As Kyiv and Washington debate where Ukraine should commit troops along the war’s front line, Ukraine’s top general in the east has called for more reinforcements in a patch of territory where Russia is threatening to make additional gains.
Russian forces have managed to push forward around the northeastern Ukrainian city of Kupiansk in recent weeks as Kyiv’s forces have made slow headway in their continuing counteroffensive in the south and the east. Russia’s gains, while not significant, have led Ukrainian forces to dedicate some troops to defend parts of the sprawling front line, which stretches for several hundred miles, despite their need elsewhere.
“Enemy units continue to inflict damage with artillery, mortars and aircraft,” Gen. Oleksandr Syrsky, the commander of Ukraine’s eastern forces, said on the Telegram messaging app on Friday. “Under such conditions, we must promptly take all measures to strengthen our defenses on the threatened lines and advance where possible.”
The debate over Ukraine’s strategy has spilled into public view in recent days amid a flurry of news media reports, including from The New York Times, in which U.S. officials have blamed Ukraine’s slow progress in large part on its strategy.

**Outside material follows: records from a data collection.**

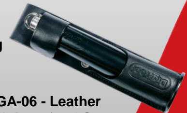
GA-06 - Leather Holster for GC-01
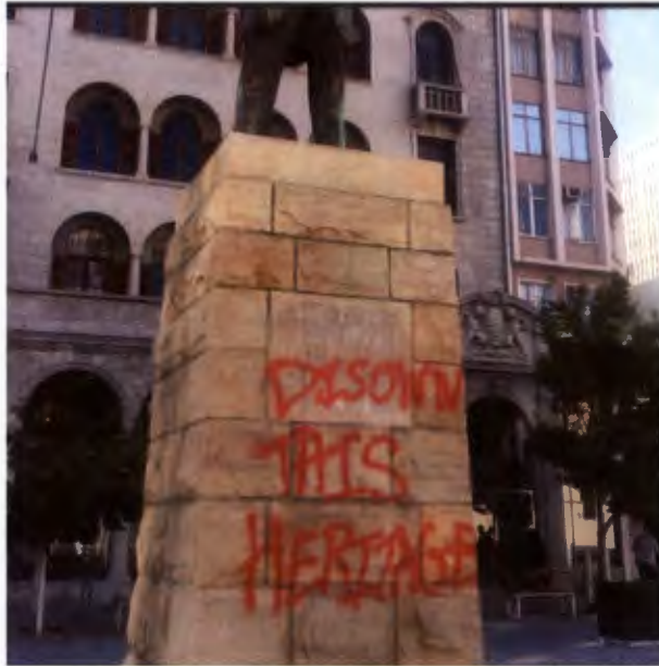
Figure 12: The Tokolos Stencil Collective, Disown This Heritage , 2014. Statue of Jan Hendrik Hofmeyr, (Onze Jan), Cape Town. (Tokolos-Stencils 2015).

Some of Tokolos' more recent anti-authoritarian statements include "Fuck Da Police", "This City Works For A Few", "Disown This Heritage" (Figure 12) and "EyeWie" (symbol for placement under CCTV cameras).
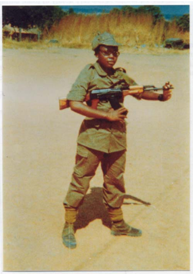
Woman PLAN guerrilla, in uniform and armed with an AK-47 assault rifle.

1. Photographs provided by a paratrooper who declined to be named but who claimed that these photographs were developed by South African Military Intelligence from a film found at Cassinga during the raid. He acquired copies when they were printed.
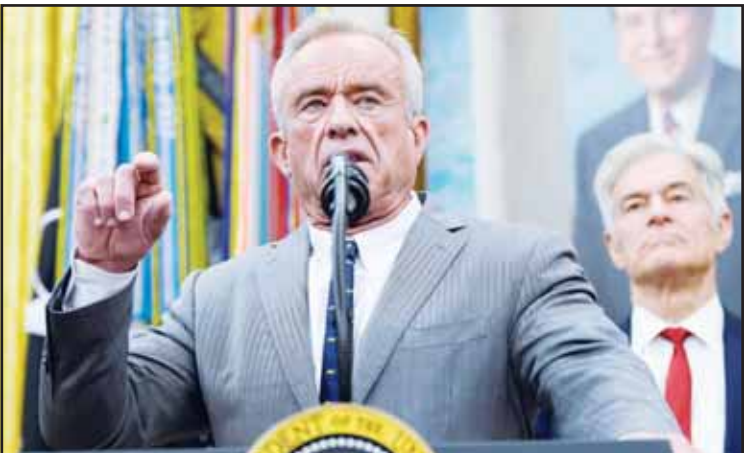
Health and Human Services Secretary Robert F. Kennedy Jr. speaks at Centers for Medicare & Medicaid Services administrator Dr. Mehmet Oz listens during an event with President Donald Trump in the Oval Office of the White House, Friday, Oct. 10, in Washington.

If you haven’t gotten your flu shot yet, now’s the time to protect yourself, and those you care for, this flu season.
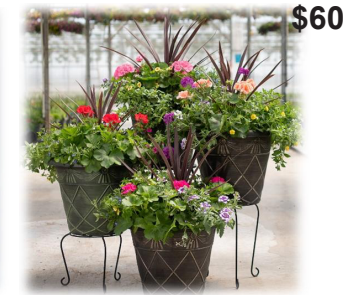
18.5" Geranium Combo Pink, Red & Salmon
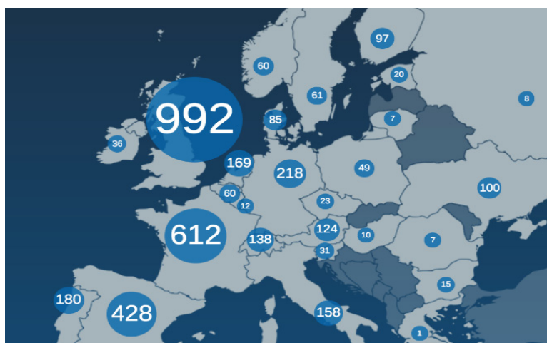
Figure 2. Start-ups in Europe that received accelerator investments (Gust, 2016)

Germany focused on high quality pharmaceuticals, automobile and telecommunication. The government has realized the importance of supporting start-ups and different initiatives have been set up to support this sector into growth. The Digital Economy Action Programme has been put up to give support by the German government. D’Avino states that, «governments around the world have amended regulation and created incentives to encourage development of start-ups» [6]. Rispers and Troger state how the German start-up centers are Berlin, Munich and Hamburg. Founders have been known to move to Munich and Stockholm due to access to capital and talent [13]. As presented in Fig. 2 on the Average Age of Start-ups, it is evident that Belgium and Sweden are the best ecosystems for start-ups with the average age of start-ups being 5.3 years for Sweden and 3.7 years for Belgium followed by Spain at 3.8 years. Romania is at the lowest at 1.3 and Czech at 1.8 years. This explains the technological start-up environment in Europe. The UK received the highest investment of more than 15.5 million Euros for 992 start-ups followed by Spain and Germany. Almost half (47 %) of these investments in Europe were made equity-free, meaning without any dilution of ownership.
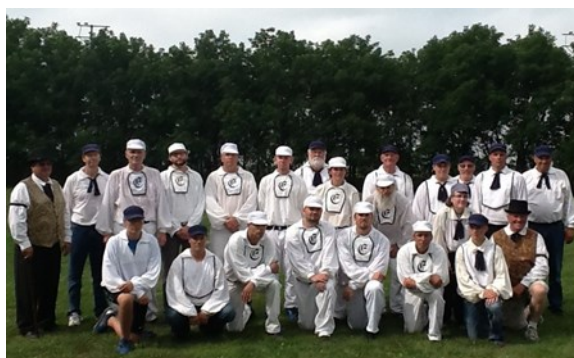
Elstad-Highland Prairie Hayseeds Vintage Baseball Team

LUNCH FOLLOWING WORSHIP (free will donation)
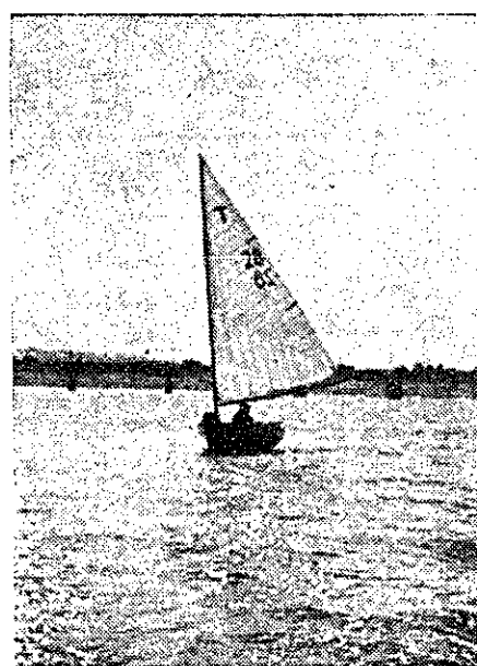
Dinghies Will Be at Camp
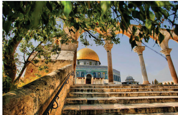
AL-AQSA MOSQUE Also known as the Al-Haram ash-Sharif. This mosque is the third holiest shrine for Muslims. Excerpt from Palestines Ministry of Tourism & Antiquities.

With many people calling for a ceasefire, the UN voted in October 2023, a total of 120 countries voted in favor of the resolution, 14 countries voted against including Israel and the United States, while 45 others abstained. And like Malcolm X once said: “If you’re not careful, the newspapers will have you hating the people who are being oppressed, and loving the people who are doing the oppressing.”
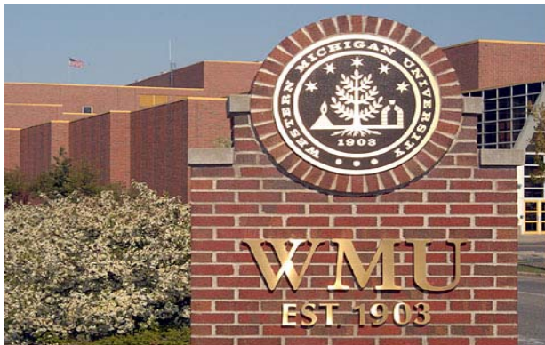
West Campus entrance at Oliver Street and Student Recreation Center Western Michigan University
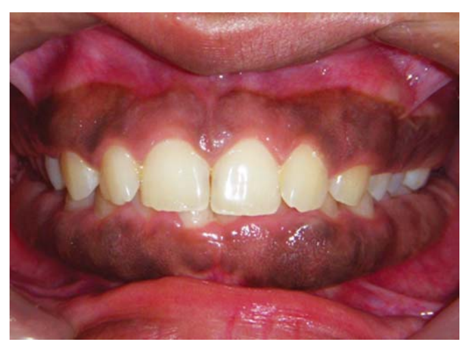
Fig. 1: Preoperative view showing melanin hyperpigmentation

performed in the anterior region of the maxillary and mandibular arch. Diode laser of wavelength 810 nm and power of 5 W in non-contact mode was used in sweeping motion in the pigmented areas (Fig. 2). Every 5 minutes, the operation area was wiped with sterile gauze soaked in normal saline solution to remove the charred tissue. The
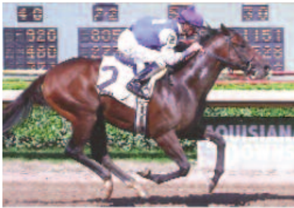
Winner by 2 3/4 lengths in 1:11.4
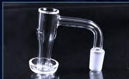
Vortex Quartz TS • 14mm • 45° & 90° Also available in Female

All DCS Bangers & TS Quartz Bangers come with Beveled Tops for Better Performance Custom engraving also available on all DCS Bangers & TS Quartz Bangers
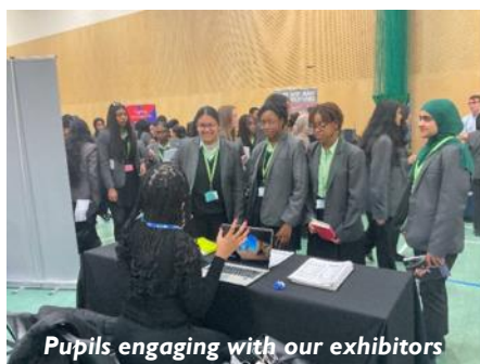
Pupils engaging with our exhibitors

The whole school careers fair took place on Wednesday 17 th January and this year consisted of over 40 different exhibitors. It was fantastic to have representatives from such a wide field of industries and further education establishments. We were also delighted to welcome back some of our fantastic alumni, who enjoyed the opportunity to give back to the school and engage with the younger cohorts and talk about their career pathways. All year groups were able to spend 45 minutes during the day exploring the fair and speaking to representatives in industry or further education establishments. The feedback from the pupils about the event and the day was extremely positive.

Under the Pentagon’s reasoning, Kyiv should have massed an outsize number of forces on one portion of the front line to attempt a breakthrough. Ukrainian commanders have instead tried to divide troops and firepower in a manner that they consider to be as fair and as equal as possible between the east and south.
President Volodymyr Zelensky of Ukraine responded bluntly to the American criticism this past week, saying that shifting Ukrainian forces away from places like Kupiansk, in the Kharkiv region, is what Russia is trying to accomplish.
“We will not give up Kharkiv, Donbas, Pavlohrad or Dnipro. And that’s that,” he said during a news conference on Wednesday according to the Ukrainian Pravda news outlet. “And let all the analysts in the world not even count on it.”
General Syrsky’s remarks were another reminder that despite the public focus on the counteroffensive in the south, other parts of the front line remain volatile.
“The enemy is now regrouping its forces and means, while also transferring the newly formed brigades and divisions from the territory of Russia,” General Syrsky said. “Russia’s key objective is to increase the level of combat potential and resume active offensive actions.” His claims about the arrival of new units could not be independently confirmed.
In recent weeks, Ukrainian officials have called for the evacuation of Kupiansk as Russian forces edge closer and shelling continues far behind the front lines. On Saturday, two civilians were killed in shelling in a small village just east of the city, according to local officials.
Ukraine took the city back from Russian control last September after it had been under occupation since the war’s early months, and losing it again would be a major blow. It appears unlikely, however, that Russian forces would try to retake the city, since that would put them in the position they faced before they were forced to retreat from Kherson last year, holding a city with a river at its back and limited supply lines.
Russian forces could instead try to push to the Oskil River, which runs north and south, and then use the waterway as a natural barrier against further Ukrainian attacks.
“Kupiansk will not be occupied anymore under any circumstances,” Andrii Besedin, the head of the Kupiansk city military administration, said on Telegram.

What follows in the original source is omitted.